- Born: 1969 (age 56–57)
- Known for: Sculpture
- Awards: MacArthur Fellow, Guggenheim Fellow

= Vincent Fecteau =

American artist

Vincent Fecteau (born 1969) is an American sculptor based in San Francisco. He graduated from Wesleyan University in 1992.

He is known for working with ordinary materials such as foamcore, seashells, string, rubber bands, paper clips, walnut shells, and popsicle sticks, and transforming them into beautifully precise handcrafted sculptures. Constructed of papier-mâché, Fecteau often works on several sculptures at a time, taking a year or longer to finish each work. He layers materials and textures, revealing a painstaking creative process that alters significantly the original spherical shapes.

Fecteau's art has been included in numerous exhibitions, including the 2002 and 2012 Whitney Biennial, the 2013 Carnegie International, and a 2008 solo exhibition at the Art Institute of Chicago, Focus: Vincent Fecteau, New Work.
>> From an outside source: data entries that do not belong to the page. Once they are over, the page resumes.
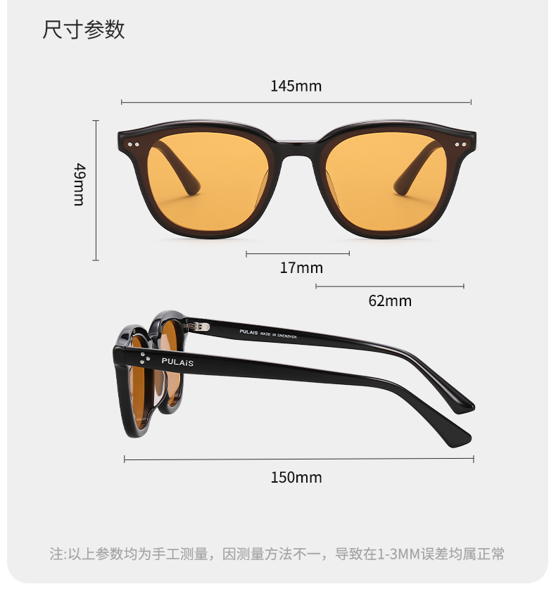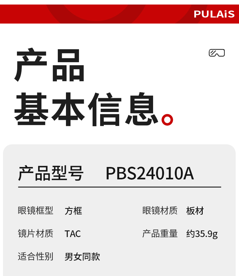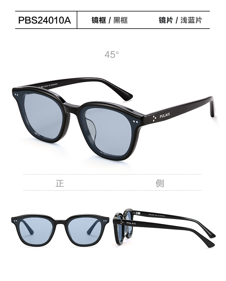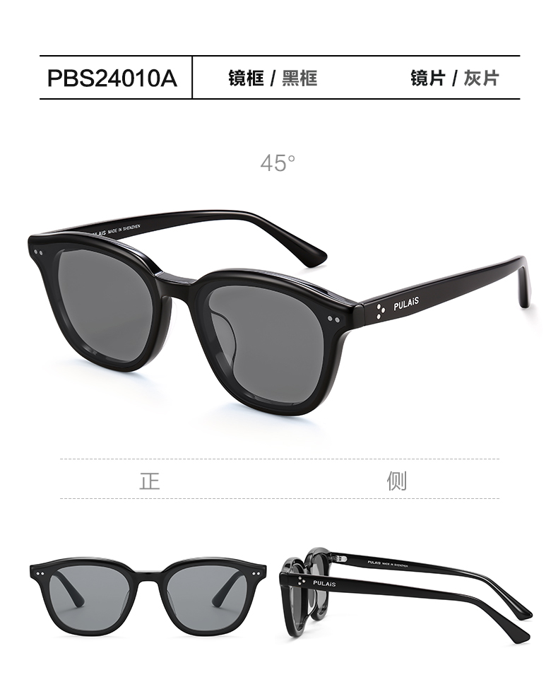 普莱斯新款太阳镜PBS24010A 飒爽修颜方框 优质板材镜框 TAC偏光镜片 修颜宽边镜腿 男女同款 五色可选
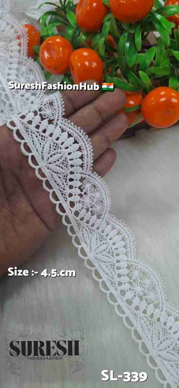 White Floral One Side Imported GPO Lace – Design SL-339 (4.5cm)
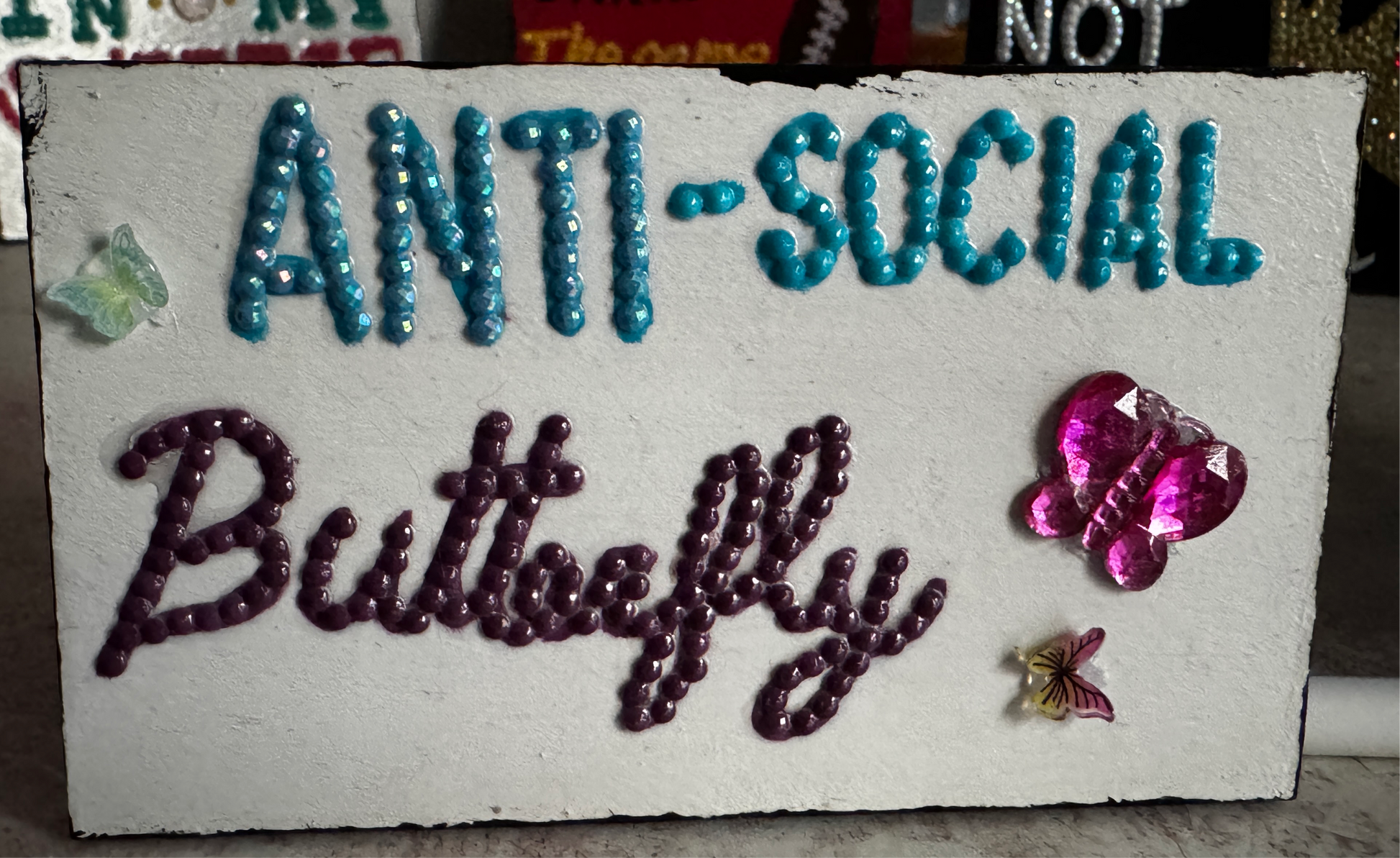 3” x 4” sign in white with jewel tone letters. Embellished with diamond dots beads and butterflies.
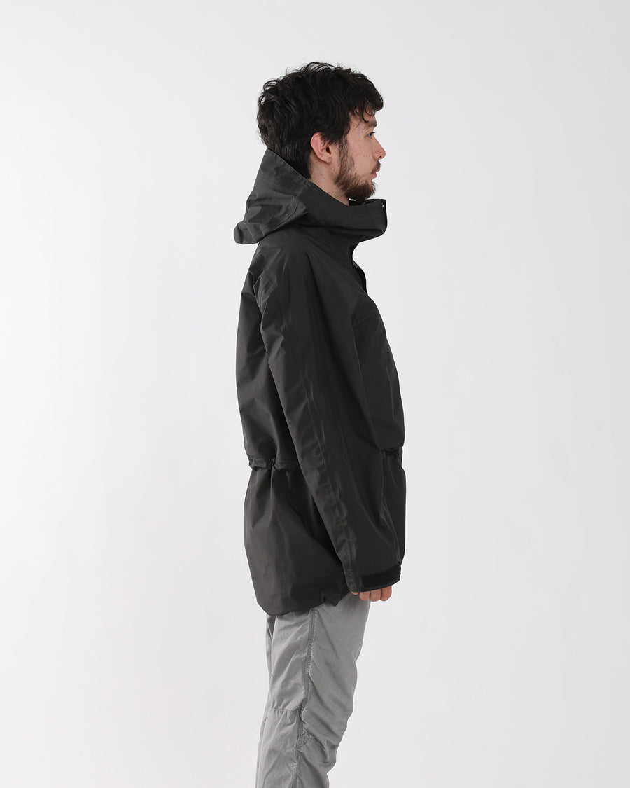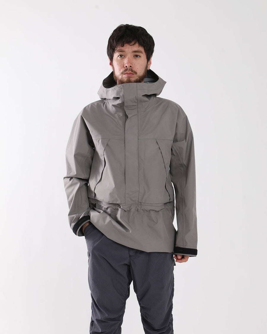 90年代のアウトドアブランドに見られるプルオーバースタイルをベースに、アノラックから派生したやや長めの着丈を取り入れたデザインです。

In 2005, the Guggenheim Foundation announced Vincent Fecteau as recipient of their fellowship. A MacAuthur Foundation fellowship (commonly known as a "genius grant") followed in 2016. His work is held in the collections of the Museum of Modern Art and the San Francisco Museum of Modern Art.

Vincent Fecteau is represented by Matthew Marks and Galerie Buchholz.